All,

After presenting the initial draft on ROSA (routing on service addresses) at 
the IETF115, we have been working on an update, which you can find below. 

Apart from welcoming additional co-authors (Jens Finkhaeuser, Daniel Huang, and 
Paulo Mendes), we have been working on several comments we received in 
discussions with community members (many thanks for those who engaged with us 
on this topic). 

In more detail, the following changes can be found in the update:
1. Restructured introduction to improve readability and argumentation for this 
draft
2. Addressing IETF115 comments in various parts of the draft, e.g.,  
introduction, analysis (relation to other technologies), traffic steering 
(relation to anycast) etc
3. Added six new use cases (mobile applications - Section 3.4, chunk  retrieval 
- Section 3.5, AR/VR - Section 3.6, Cloud-to-Thing - Section 3.7, Metaverse - 
Section 3.8, and popularity-based services - Section 3.9)
4. Added separate analysis section, as derived from use cases (Section 4)
5. Revised and linked requirements to use cases through additional text 
(Section 5)
6. Discussed possible benefits from applying ROSA in identified use cases 
(Section 6)
7. Revised ROSA messages figure (Figure 2) 
8. Added section on possible extended capabilities to 'base' ROSA (Section 8), 
including multi-homing support, namespace support.
9. Added and maintaining open issues (Section 10)
10.  Added missing sections, like conclusions (Section 11) and privacy  
considerations (Section 13)

We would welcome any comments and thoughts on this work, its motivation and 
argumentation as well as possible ways forward. Any interest for contribution 
is also very welcome.

We plan on capturing any inputs into a possible update before IETF116 and would 
very much like to present this work for discussion in the RTGWG when we will 
meet at IETF116. We are also looking into demonstrating aspects of ROSA at the 
IETF; happy to receive any interest in such demonstration.

Best,

Dirk

-----Original Message-----
From: [email protected] <[email protected]> 
Sent: 02 February 2023 14:27
To: Luis M. Contreras <[email protected]>; Daniel 
Huang <[email protected]>; Dirk Trossen <[email protected]>; 
Jens Finkhaeuser <[email protected]>; Luis Contreras 
<[email protected]>; Paulo Mendes 
<[email protected]>
Subject: New Version Notification for draft-trossen-rtgwg-rosa-01.txt


A new version of I-D, draft-trossen-rtgwg-rosa-01.txt has been successfully 
submitted by Dirk Trossen and posted to the IETF repository.

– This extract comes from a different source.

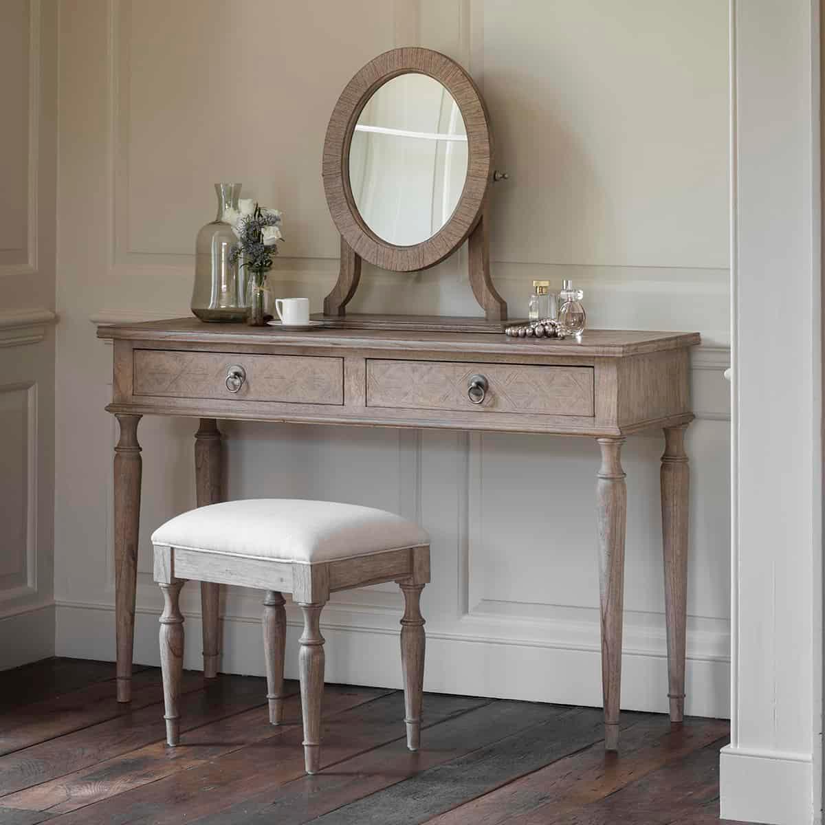 Vous cherchez une nouvelle coiffeuse élégante et fonctionnelle pour votre chambre ? La coiffeuse Mustique est idéale pour les adeptes du style classique français. Fabriquée en frêne massif et robuste, elle dispose de deux tiroirs spacieux pour ranger tous vos produits de maquillage. De simples poignées anneaux ajoutent une touche de luxe. Son grand plan de travail rectangulaire offre un espace généreux pour se préparer chaque matin. Un miroir ovale assorti, élégamment fixé sur des supports incurvés au-dessus de la coiffeuse, est à la hauteur idéale pour une utilisation confortable en position assise et pivote pour plus de facilité.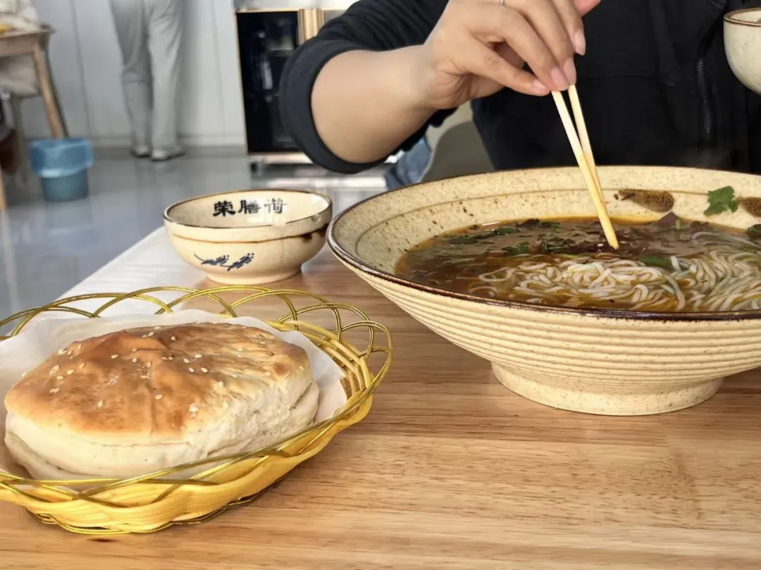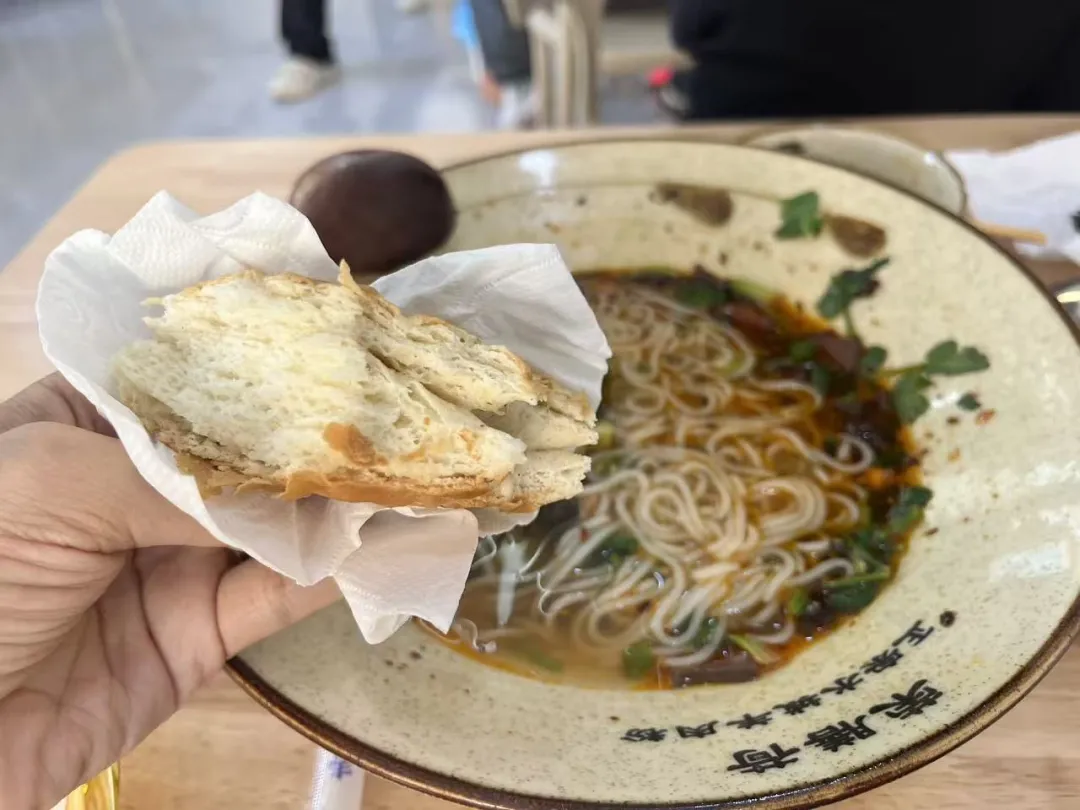 Lynn在享受酸汤汉堡和羊肉粉配白芝麻发面饼🫓。

Name:           draft-trossen-rtgwg-rosa
Revision:       01
Title:          Routing on Service Addresses
Document date:  2023-02-02
Group:          Individual Submission
Pages:          53
URL:            https://www.ietf.org/archive/id/draft-trossen-rtgwg-rosa-01.txt
Status:         https://datatracker.ietf.org/doc/draft-trossen-rtgwg-rosa/
Htmlized:       https://datatracker.ietf.org/doc/html/draft-trossen-rtgwg-rosa
Diff:           
https://author-tools.ietf.org/iddiff?url2=draft-trossen-rtgwg-rosa-01

Abstract:
   This document proposes a novel communication approach which reasons
   about WHAT is being communicated (and invoked) instead of WHO is
   communicating.  Such approach is meant to transition away from
   locator-based addressing (and thus routing and forwarding) to an
   addressing scheme where the address semantics relate to services
   being invoked (e.g., for computational processes, and their generated
   information requests and responses).

   The document introduces Routing on Service Addresses (ROSA), as a
   realization of what is referred to as 'service-based routing' (SBR),
   to replace the usual DNS+IP sequence, i.e., the off-path discovery of
   a service name to an IP locator mapping, through an on-path discovery
   with in-band data transfer to a suitable service instance location
   for a selected set of services, not all Internet-based services.

   SBR is designed to be constrained by service-specific parameters that
   go beyond load and latency, as in today's best effort or traffic
   engineering based routing, leading to an approach to steer traffic in
   a service-specific constraint-based manner.

   Particularly, this document outlines sample ROSA use case scenarios,
   requirements for its design, and the ROSA system design itself.